## Task prompt
Could you transcribe all of the data exactly and skip any pictures?

## Dataset excerpt
· · ·
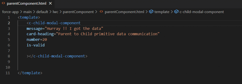In this example, we pass the name value from parent to child. Decorator @api informed lwc that the name is public property and can be used to communicate between parent and child.
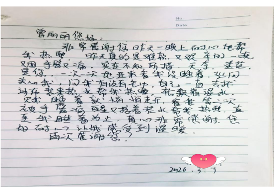 3月9日上午,一封特殊的手写感谢信被送到了江西省妇幼保健院九龙湖院区急诊科,信纸不算精致,字迹也因书写者身体虚弱而略显潦草,却字字滚烫、句句真诚,成为春日里急诊科最温暖的勋章。
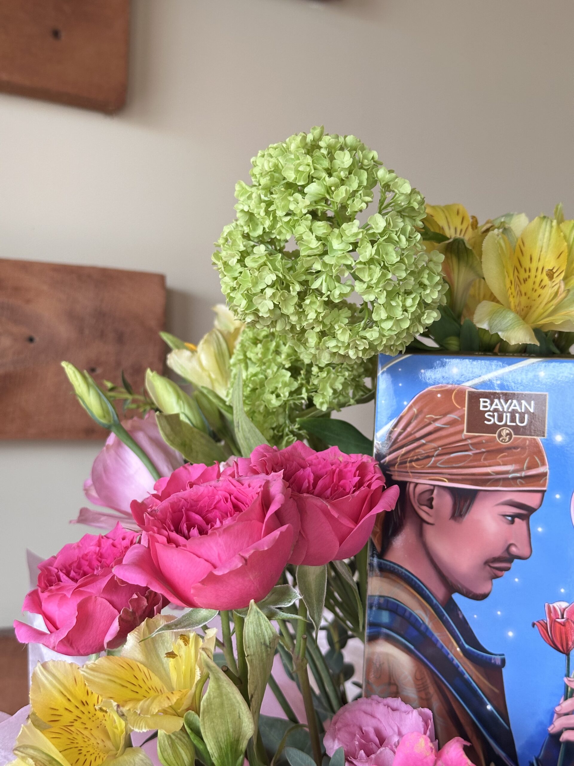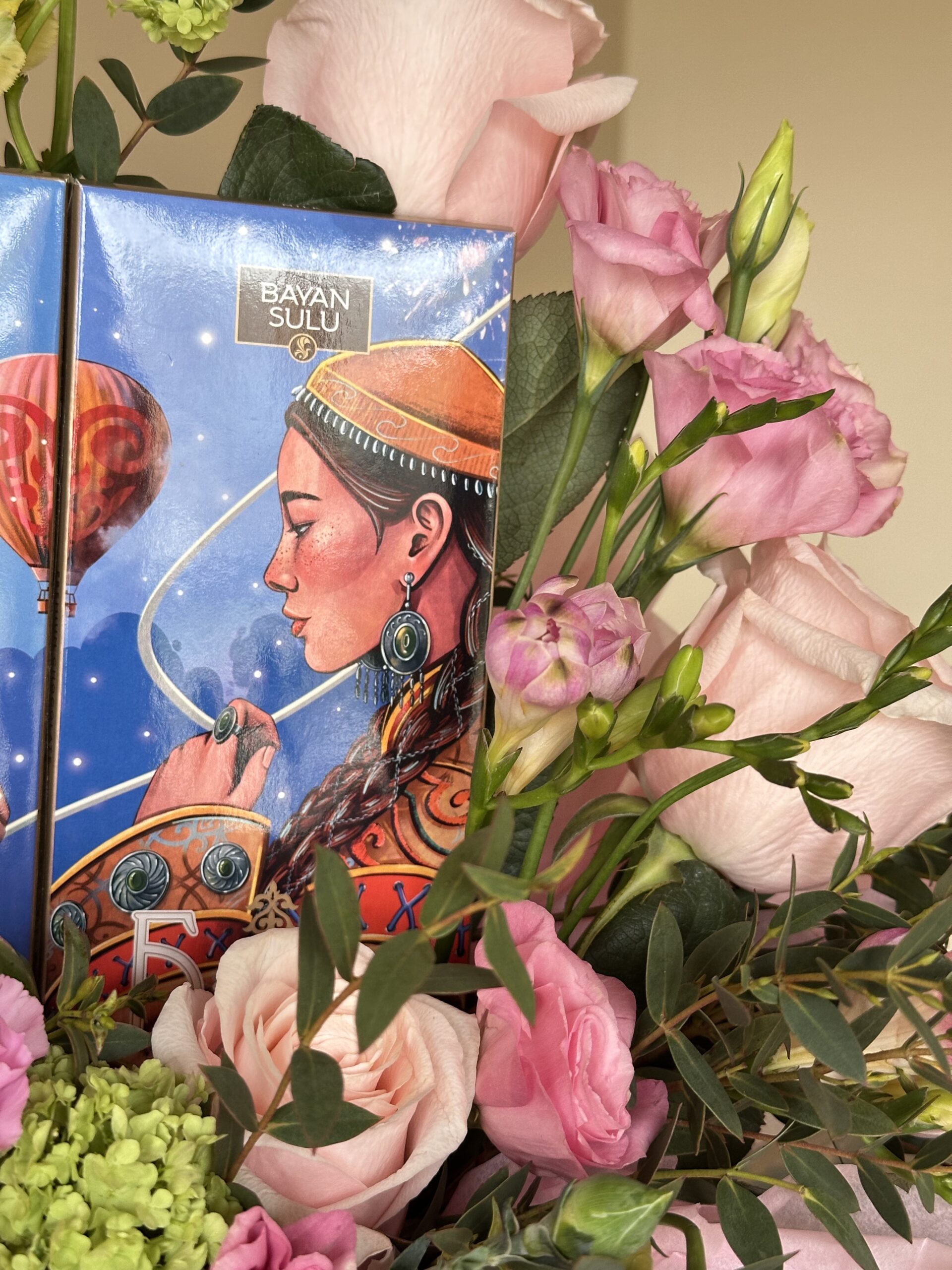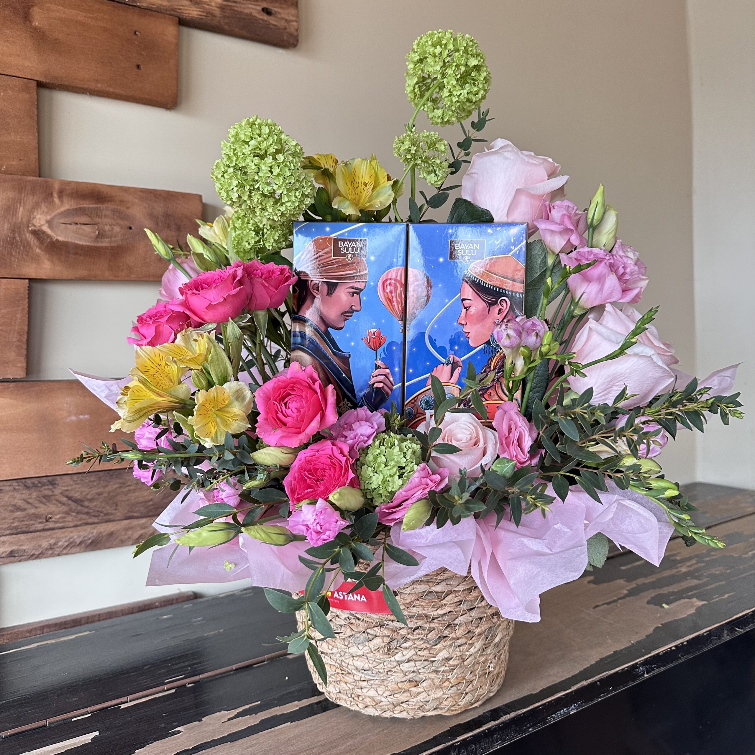 Специально к этому дню мы создали особенную композицию в весеннем составе — с нежными розами, яркими акцентами сезонных цветов и свежей зеленью. Лёгкая, романтичная и очень живая, она передаёт настроение весны и любви.
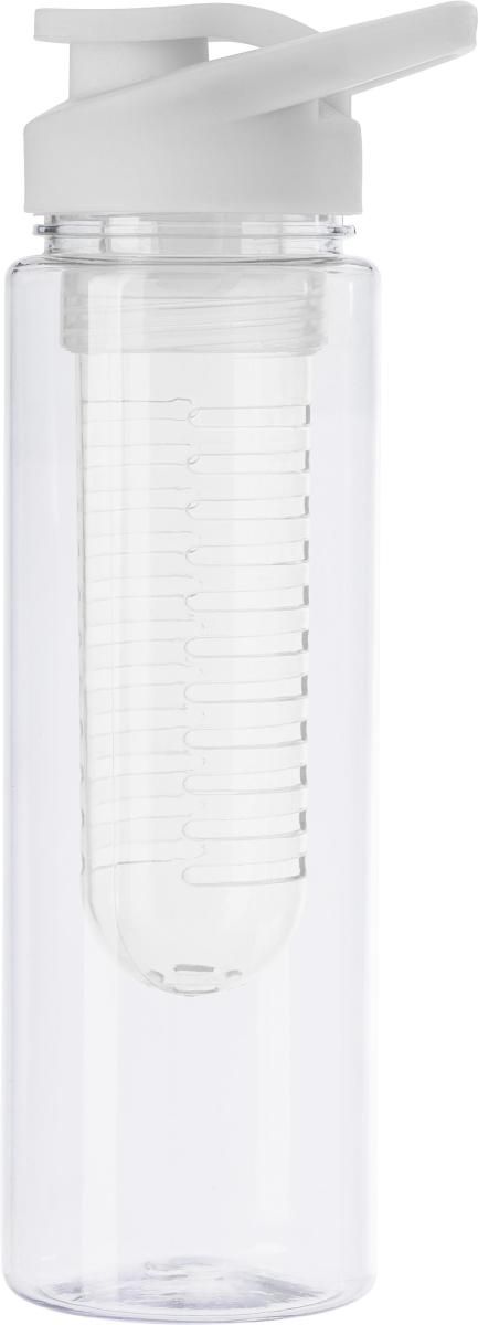 Bidón de Tritán (700 ml) con infusor para frutas. El tapón de rosca incluye una apertura para beber. Recomendable para uso de agua fría. Evitar bebidas ácidas o con gas.
· · ·
## Written answer
In this example, we pass the name value from parent to child. Decorator @api informed lwc that the name is public property and can be used to communicate between parent and child.
 3月9日上午,一封特殊的手写感谢信被送到了江西省妇幼保健院九龙湖院区急诊科,信纸不算精致,字迹也因书写者身体虚弱而略显潦草,却字字滚烫、句句真诚,成为春日里急诊科最温暖的勋章。
 Специально к этому дню мы создали особенную композицию в весеннем составе — с нежными розами, яркими акцентами сезонных цветов и свежей зеленью. Лёгкая, романтичная и очень живая, она передаёт настроение весны и любви.
 Bidón de Tritán (700 ml) con infusor para frutas. El tapón de rosca incluye una apertura para beber. Recomendable para uso de agua fría. Evitar bebidas ácidas o con gas.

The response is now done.